In Fig. 8, the calibration curves for these four components are demonstrated. For each sulfonamide concentration (0, 5, 10, 15, 20, 40, 50, 100 and 150 \(\mu \)g/L) the average colour and the standard deviation are represented and a linear trendline is applied.

Fig. 8.
figure 8

Calibration curves for Green, Hue, a* and b* colour components using the RGB-XYZ method.

As Fig. 8 demonstrates, the data does not appear to be well described by a linear regression globally. Therefore, studying the data separately for the lower concentrations (0–20 \(\mu \)g/L) and higher concentrations (40–150 \(\mu \)g/L) might give better results. Figure 9 shows how this division was done using the Hue component as an example. With this, the linear approximation appears to better represent the data.

Fig. 9.
figure 9

Divided calibration curves for the Hue colour component using the RGB-XYZ method.

Afterwards, the relative standard deviations (RSD) were calculated for each concentration and colour component. The RSD is calculated by dividing the standard deviation by the absolute value of the mean and multiplying by 100, as shown in Eq. 1. It presents the standard deviation as a percentage of the mean. It is important for the data to have a low RSD, because it indicates a high precision.

$$\begin{aligned} RSD = \frac{std}{\left| mean \right| }*100 \end{aligned}$$
(1)

Table 2 shows that the components Green and Hue have the highest precision, although the RSD for Green becomes worse for higher concentrations, while Hue maintains its low RSD. Therefore, the concentration versus Hue calibration curve achieves the best performance. The 9694.8 RSD for \(\hbox {a}^*\) and 427.8 RSD for \(\hbox {b}^*\) happen because the mean is close to zero at those concentrations for those colour components.

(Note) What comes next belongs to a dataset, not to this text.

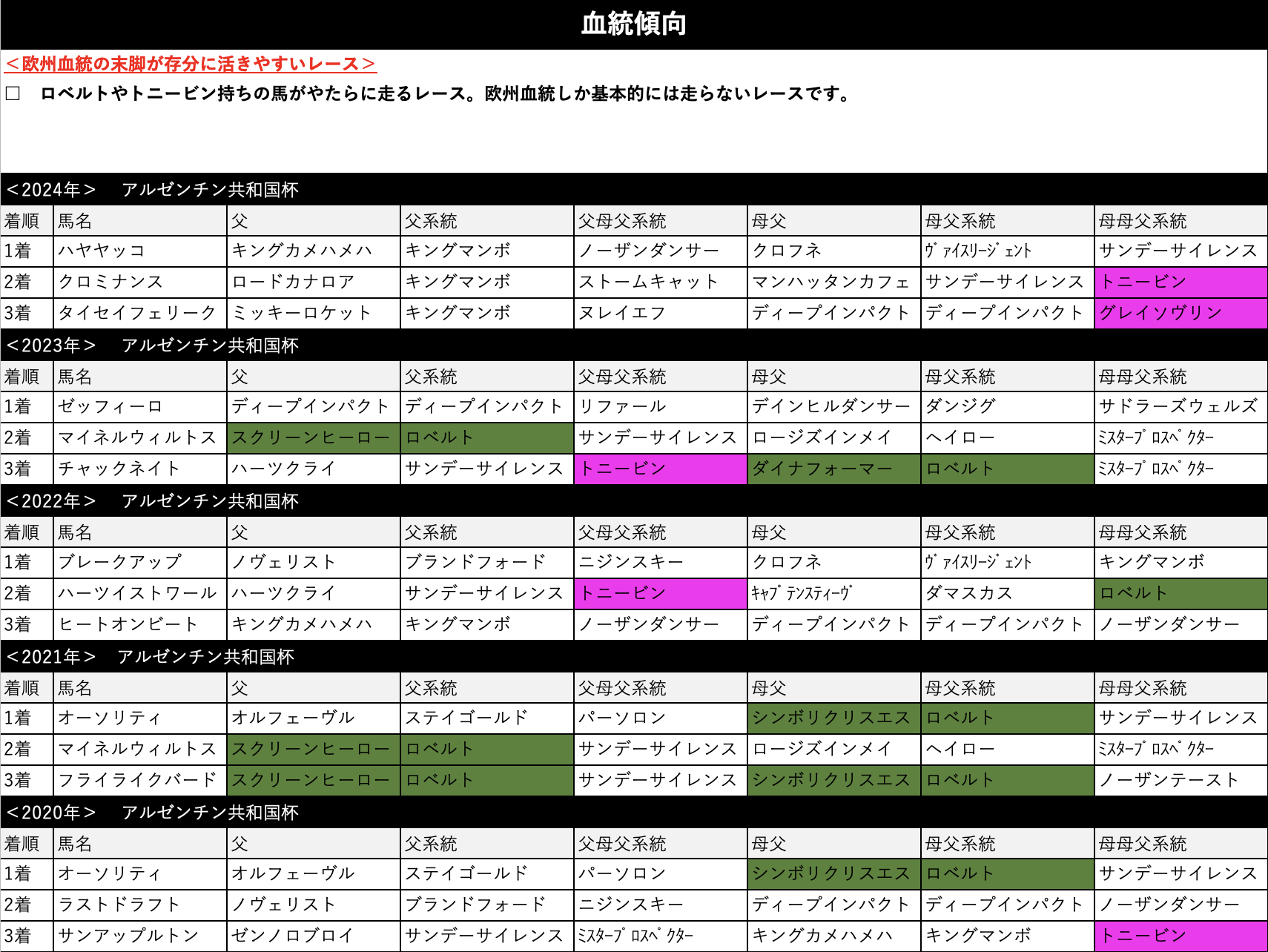 前項のラップ傾向のところでも書きましたが、アルゼンチン共和国杯は速い上がりではなく、34秒フラットぐらいの脚でいいので長く脚を使える馬が走りやすい舞台。スタミナがあってなおかつ末脚の質が優秀、といえば日本やアメリカの競馬よりもヨーロッパの競馬ですし、アルゼンチン共和国杯は父か母父に欧州血統を持っている馬の独壇場となっています。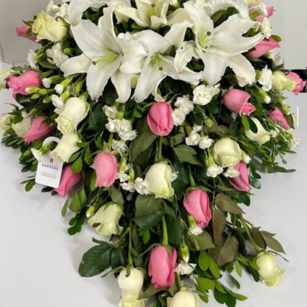 Manto grande para féretro elaborado con rosas y lirios acompañado de follaje especial.

Table 2. Relative standard deviations for each colour component and concentration.

4 Conclusions

This work was done with the aim of developing an algorithm to estimate sulfonamide concentration based on colour, that can be used for monitoring antibiotic pollution in environmental waters.

The methodology is composed of a segmentation, colour correction and calibration curve step. The segmentation step is split in two, colour patches and sample segmentation. The patches are necessary for the colour correction step, while the colour of the sample is needed to estimate the concentration of sulfonamides. The colour correction step uses a colour correction matrix that converts from RGB to XYZ. This colour correction method presented the best results due to using the colour chart as a known reference and converting to a device independent colour space. In order to choose which colour space and component is the best to estimate the sulfonamide concentration, an analysis of calibration curves was performed. The Hue and Green components presented the highest precision, with Hue being more consistent across all concentrations, never surpassing 3.5% relative standard deviation.

These results are promising, however there is still work to be done. New data will be acquired and used to validate the calibration curve. The developed algorithms will be incorporated in a smartphone application, so that it becomes a readily available alternative for sulfonamide detection.